Tuesday, October 22, 2013

A Clump of Hats

I was working on the gray items. Really, I was.

Then I realized that I was meeting a friend for coffee after work on Friday, and I can't read charts or count while drinking coffee and chatting. So, I started a hat.

Ann Budd's Basic Hat Pattern (mine ravelled here),
knit in Blue Moon Fiber Arts' Gaea, Jabberwocky colorway

My coworkers and I sponsor a couple families for Hanukah each year, and one of the adult women requested a warm, knit hat. I decided to use the yarn left from the herringbone hat disaster. When I reknit Andrew's hat, I didn't use the yarn I had used originally. I used the other half of the skein. The yarn I had frogged from the hat was slightly felted. It worked fine reknitting it into a plain hat though. This yarn is so busy that it needs a very plain stitch pattern, so I knit it following Ann Budd's hat instructions.*

Because I am skilled in the art of denial, I pretended this wouldn't grow when I washed it. I'm still not sure why I did that, since I have painful memories of this exact yarn growing. Maybe I thought it wouldn't grow because it had already grown in the wash.

The hat's too big.

Pretty colors, but too big.

I'm planning to take it to a friend this weekend and see if it fits him. He has a big head. I choose to remain hopeful.

Because I am a Glass Half Full kind of person, I've decided this is for the best. The woman for whom I was knitting lives in a nursing home. I cannot depend on the person who does her laundry to handwash a hat. It probably would have gotten felted. Then she would have been sad.

So, I went to Michael's and shopped the acrylic. I made this on Sunday.
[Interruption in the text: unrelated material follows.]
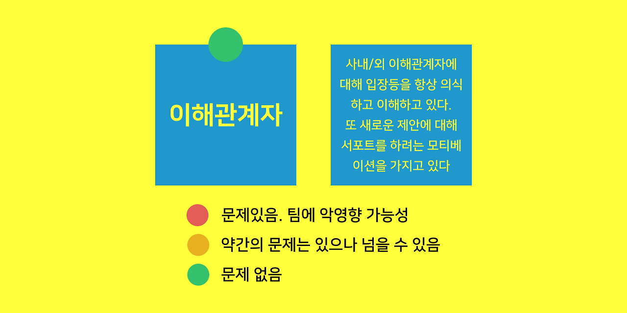 빨간색 : 팀에 문제가 생각되고 부정적인 영향을 미칠 가능성이 높다고 생각된다

Ann Budd's Basic Hat Pattern (mine ravelled here), 

I know this yarn is Red Heart. I, too, try to avoid Red Heart whenever possible. However, the colors are pretty and the yarn is soft. This is no Super Saver, and the color shifts are interesting.

In this midst of those two hats, I saw my neighbor. She is pregnant. Very pregnant. She said she's doing a lot of walking, including up and down her staircase, in hopes of encouraging the baby to make her appearance. I kept thinking about how astounding it is that this woman is making another person. If she's making a new human, the least I can do is make that human a hat.

I picked white because their baby will be dark-skinned, and I think white will look beautiful against the brown.

Otis Baby Hat (mine ravelled here),
knit in Bernat Softee Baby in white

The pattern has an 8-row cable, which you repeat two and a half times before doing the decreases. I changed this to a 5-row cable as the result of misreading the pattern a careful design choice.

I think I'm done making hats now. Back to gray!

*Ann Budd's The Knitter's Handy Book of Patterns is indeed handy.